■ **Prompt**
Pictures excluded, please transcribe exactly the lines from the one with "MÉXICO, 21MAYO2008.- José" through the end of the records below, and nothing more.

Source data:
============

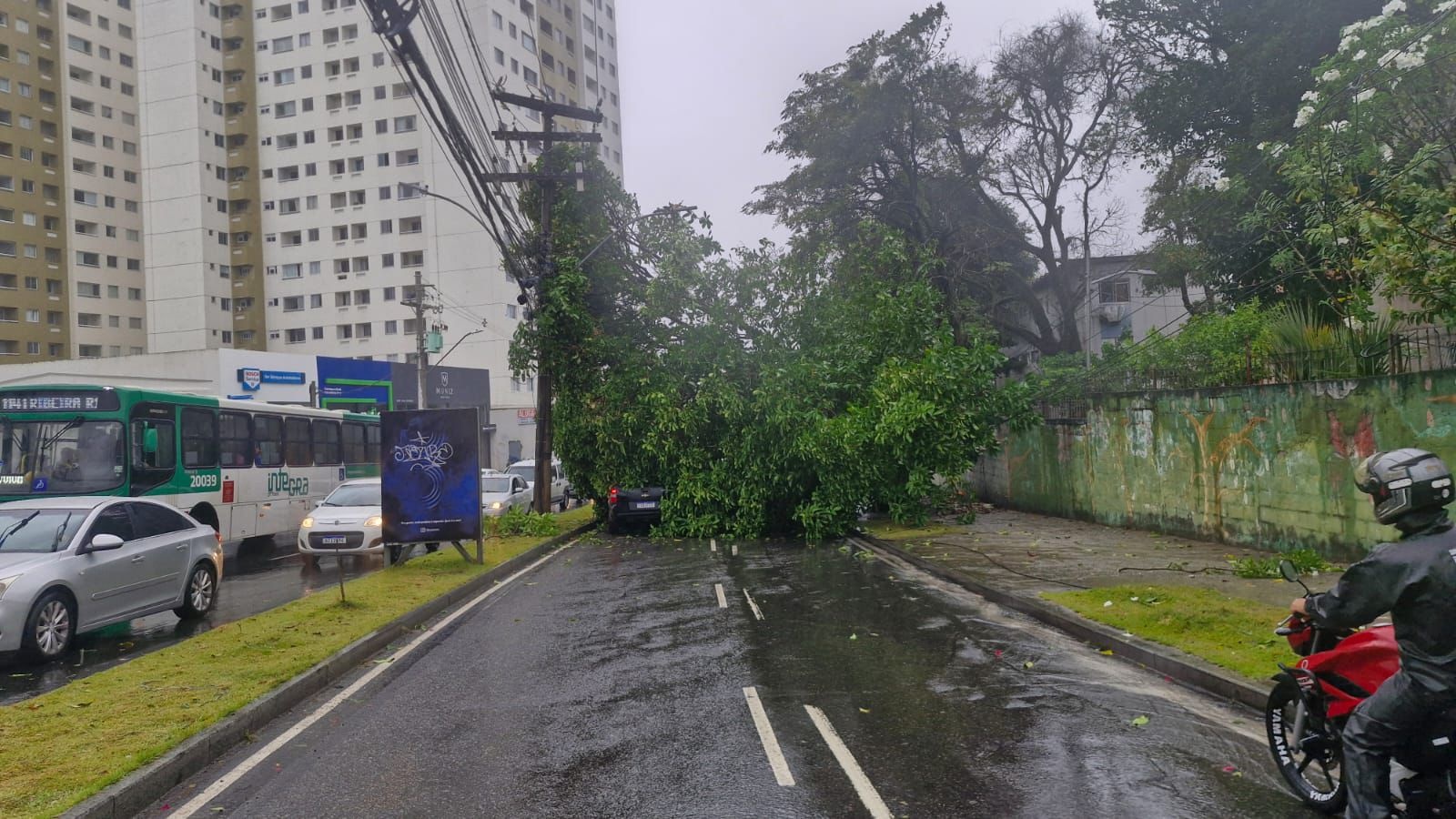 Segundo informações da Transalvador, felizmente, ninguém ficou ferido. A queda da árvore foi atribuída aos fortes ventos e chuvas intensas que afetaram a capital baiana desde a madrugada.
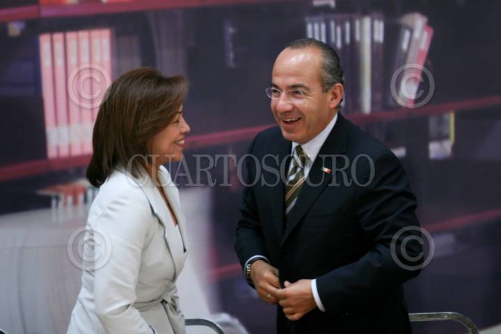 MÉXICO, 21MAYO2008.- José Enrique Villa Rivera, director general del IPN y Felipe Calderón Hinojosa, Presidente de México, durante la ceremonia del día del Politécnico y la entrega de la presea "Lázaro Cárdenas", que se realizó en el Palacio Nacional. FOTO: MOISÉS PABLO/CUARTOSCURO.COM
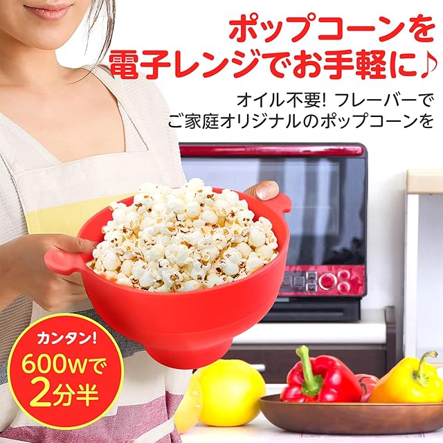 ⭐自宅で簡単に、出来立てアツアツのポップコーンが食べられます! ⭐本体中央下部の計量カップ部分に、適量のコーンを入れて、付属のフタをのせたらレンジでチン。600ワット・2分半でノンオイルポップコーンが完成します! ⭐使わないときにはコンパクトに畳んで収納可能! ⭐ご家庭用・お祝い事など、贈り物ギフトにも最適なポップコーンメーカーです。 ⭐安心・丈夫なシリコン製のため、ご使用後は家庭用洗剤などで洗えます!
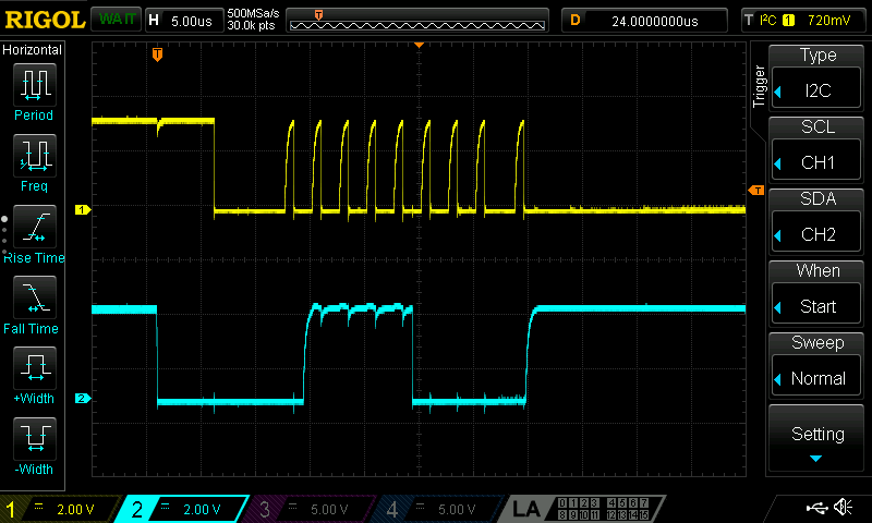 まず、I2Cでレジスタの読み出しを行う。 読み出したいレジスタのアドレス1byteを書き込んだ後、 セッションを終了せずに2byte読み出すことでできる。 それっぽい値を読み出すことができた。
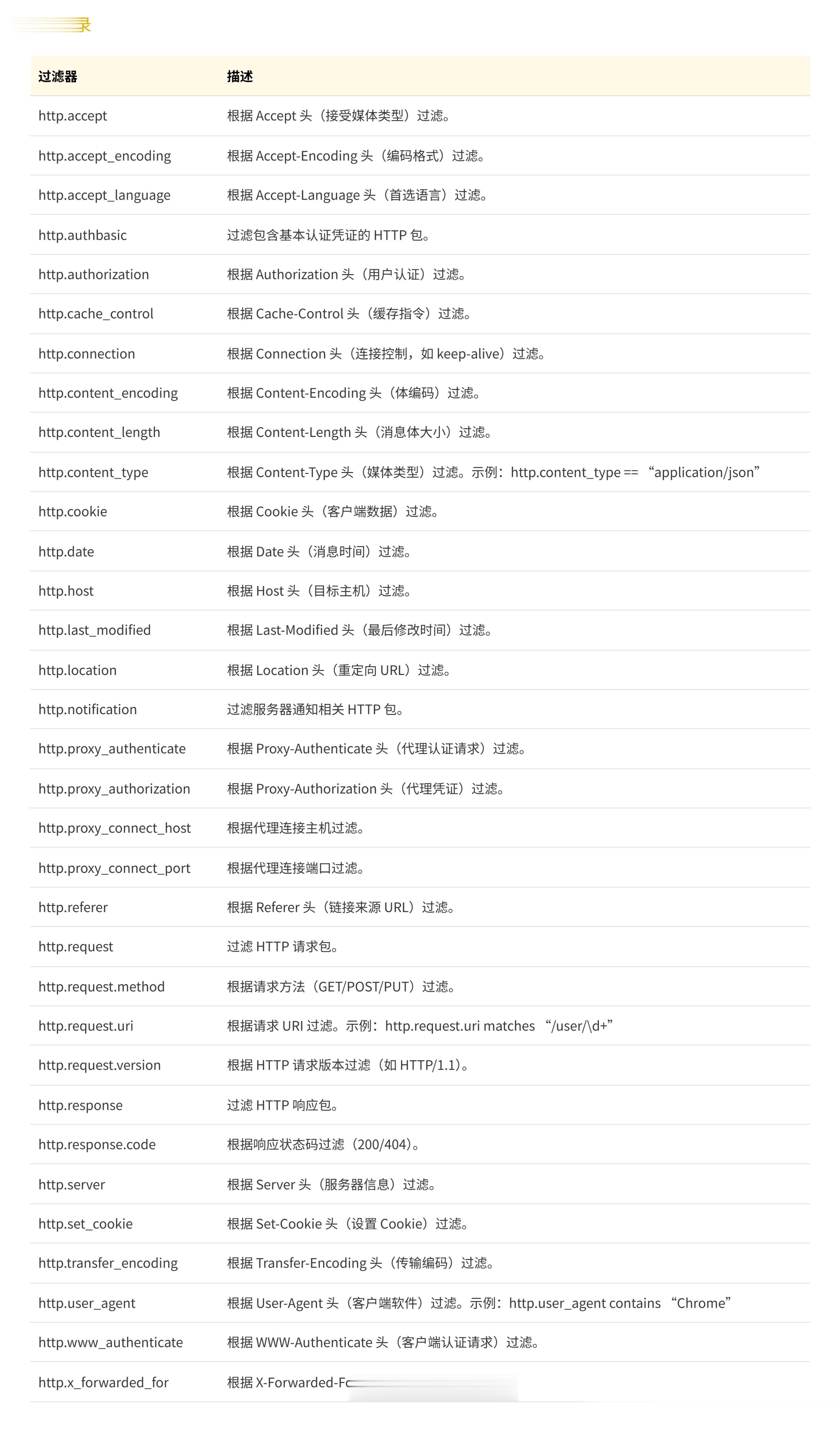 7. HTTP 协议过滤器HTTP 是 Web 流量主力,过滤器覆盖头字段、方法、状态码。适用于应用性能监控和安全扫描。

============

■ **Your response**
 MÉXICO, 21MAYO2008.- José Enrique Villa Rivera, director general del IPN y Felipe Calderón Hinojosa, Presidente de México, durante la ceremonia del día del Politécnico y la entrega de la presea "Lázaro Cárdenas", que se realizó en el Palacio Nacional. FOTO: MOISÉS PABLO/CUARTOSCURO.COM
 ⭐自宅で簡単に、出来立てアツアツのポップコーンが食べられます! ⭐本体中央下部の計量カップ部分に、適量のコーンを入れて、付属のフタをのせたらレンジでチン。600ワット・2分半でノンオイルポップコーンが完成します! ⭐使わないときにはコンパクトに畳んで収納可能! ⭐ご家庭用・お祝い事など、贈り物ギフトにも最適なポップコーンメーカーです。 ⭐安心・丈夫なシリコン製のため、ご使用後は家庭用洗剤などで洗えます!
 まず、I2Cでレジスタの読み出しを行う。 読み出したいレジスタのアドレス1byteを書き込んだ後、 セッションを終了せずに2byte読み出すことでできる。 それっぽい値を読み出すことができた。
 7. HTTP 协议过滤器HTTP 是 Web 流量主力,过滤器覆盖头字段、方法、状态码。适用于应用性能监控和安全扫描。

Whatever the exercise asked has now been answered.